隨著科技的快速成長，各式新興應用相繼出現，不同網路服務產生了各種不同的需求，卻是由同一實體網路提供，傳統網路不再能負荷各種極端需求的新興應用，因此網路切片的概念誕生了，在一共享的實體網路中，提供邏輯上獨立的客製化網路切片給不同應用，其較靈活部署網路服務的方式，改善了傳統網路的缺點。軟體定義網路和網路功能虛擬化都是實現網路切片關鍵技術，軟體定義網路將網路層從資料層中分離，邏輯上集中的控制器，提供了可編程性，可以更彈性實現各種應用如故障管理。而網路功能虛擬化將網路功能從專用硬體中抽出，使虛擬化後的網路功能可更彈性的在通用型伺服器上動態部署和管理。

本論文基於軟體定義網路的環境中，實作網路切片之縮放功能和退役功能，加入切片等級制度，於系統資源告急時可以容納更多切片需求，中央編排藉由向網域控制器收集資料後進行決策。本論文利用多控制器分化不同控制層之工作來實作故障管理，當網路故障發生時，由負責備援路徑之控制器來進行備援路徑的建立。實驗結果顯示，本論文加入之功能確實能滿足承租戶之調整切片和終止切片之要求，並在資源告急時對優先權較低之切片作出調整，在脫離資源告急狀態時補償被犧牲之切片，以及能在網路故障發生時確實進行路徑遷移以因應該次故障事件發生。

With the rapid growth of network technology, kinds of emerging applications appeared. Different network services have their own requirements but share the same physical infrastructure. Since traditional network architecture could not load emerging applications with extreme demands, the concept of network slicing was born. Network slicing allows to create logically isolated customized slices for different applications on a shared physical network. The enabler technologies of network slicing like Software-Defined Networking(SDN) and Network Function Virtualization(NFV) have a more resilient way to configure and manage network, and improve the shortcomings of traditional networks. SDN separates control plane and data plane to form a logically centralized controller, providing programmability to make more flexible implementation of various applications such as fault management. NFV turns the network functions originally deployed on dedicated hardware to be softwarized, making virtualized network functions have a more flexible way to be dynamically configured and managed on standard servers.

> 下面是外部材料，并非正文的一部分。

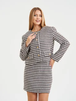 Костюм пиджак юбка теплый в клетку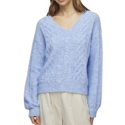 Optez pour ce pull VilaColoris : Bleu Col VManches longuesComposition : 59% Polyester recyclé, 20% Polyester, 12% Nylon, 8% Laine, 1% Élasthanne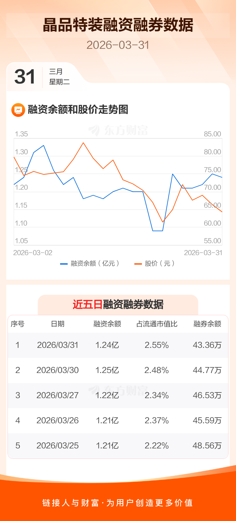 交易所最新数据显示,晶品特装于2026年3月31日获融资买入945.85万元,融资偿还1032.16万元,当日融资净偿还86.3万元。目前,该股融资余额1.24亿,占流通市值比例为2.55%。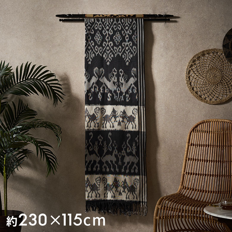 繊細な柄が美しく、インテリアに取り入れればたちまちアジアンリゾートの雰囲気に。イカットハンガーとセットで使うことで、プリミティブな空間の魅力がさらに広がります。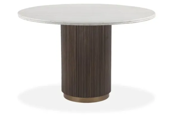 Eetkamertafel Mayfield van het merk Richmond Interiors is gemaakt van marmer in combinatie met mangohout. Mangohout kun je herkennen aan de vele kleurschakeringen en ongelijkheden in het oppervlakte van het hout, waardoor geen enkel meubelstuk hetzelfde is. De kleuren in mangohout kunnen variëren van licht- tot donkerbruine tonen, met soms een rode gloed of juist een gelige ondertoon. Mangohout is een duurzame houtsoort. Marmer is een duurzame steensoort en heeft een luxe en stijlvolle uitstraling. De steensoort is een natuurproduct en kenmerkt zich door de unieke afwerkingen en kan zowel grove als gladde delen bevatten. Door de kenmerkende kleurschakeringen en aders is geen product hetzelfde. Zo haal je met een marmer product dus echt iets unieks in huis.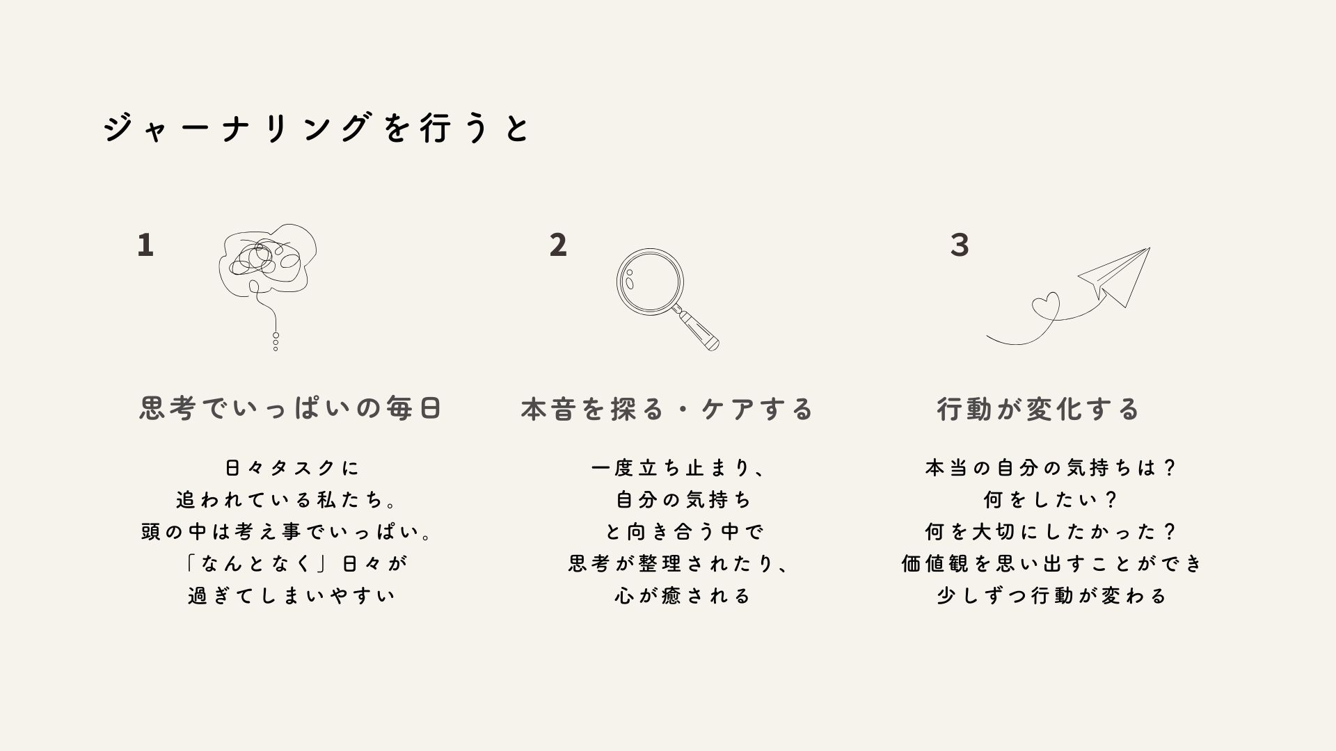 これらを改めて言葉にするジャーナリングを行いました。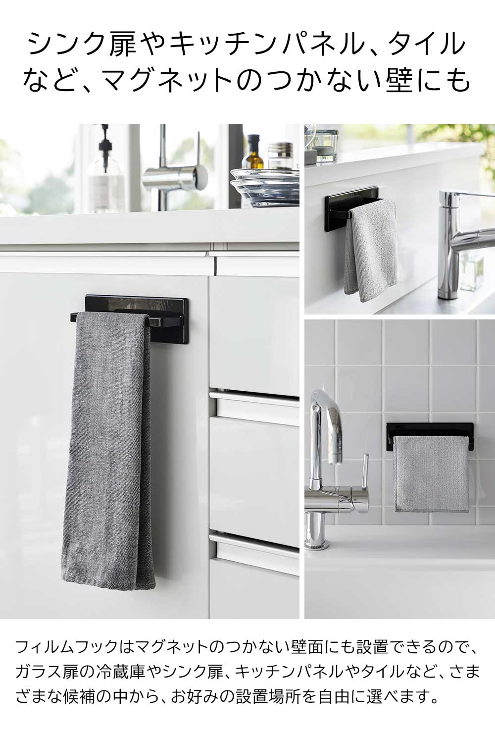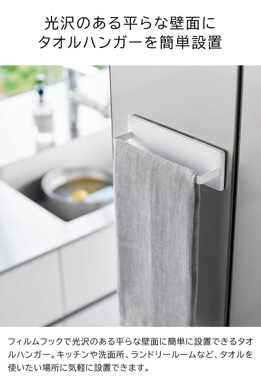 フィルムフックキッチンタオルハンガー タワー 山崎実業 tower ホワイト ブラック 2161 2162 yamazaki タワーシリーズ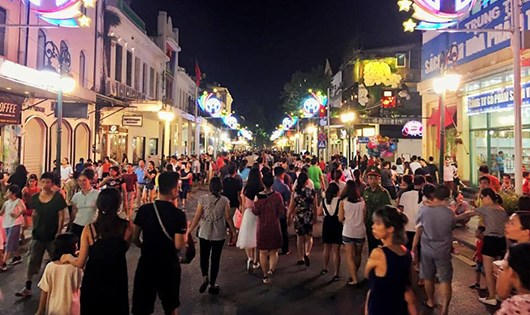 Năm nay nghỉ lễ trùng với lịch hoạt động của phố đi bộ nên đã có rất đông người đổ về các tuyền đường quanh hồ Hoàn Kiếm để hưởng trọn niềm vui Tết Độc lập ở thủ đô.

This thesis designed a network slicing lifecycle management in SDN environment including the scaling function and decommissioning phase of slices. Moreover, it introduced a slice level institution to accommodate more slice requirements. Orchestrator collect information from core controllers to make decisions. This work implements a fault management mechanism leveraged with multiple controllers to split different tasks. While network fault occurs, the controller who is responsible for backup path installs the rules of backup path. The result shows that the functions this work implements are able to fulfill the requests to adjust a slice or delete a slice from tenants, sacrifice the resource of low priority slices in resource emergency condition, compensate resource to the sacrificed slices while out of resource emergency condition. And it can indeed migrate traffic when network failure occurs in response to the network fault event.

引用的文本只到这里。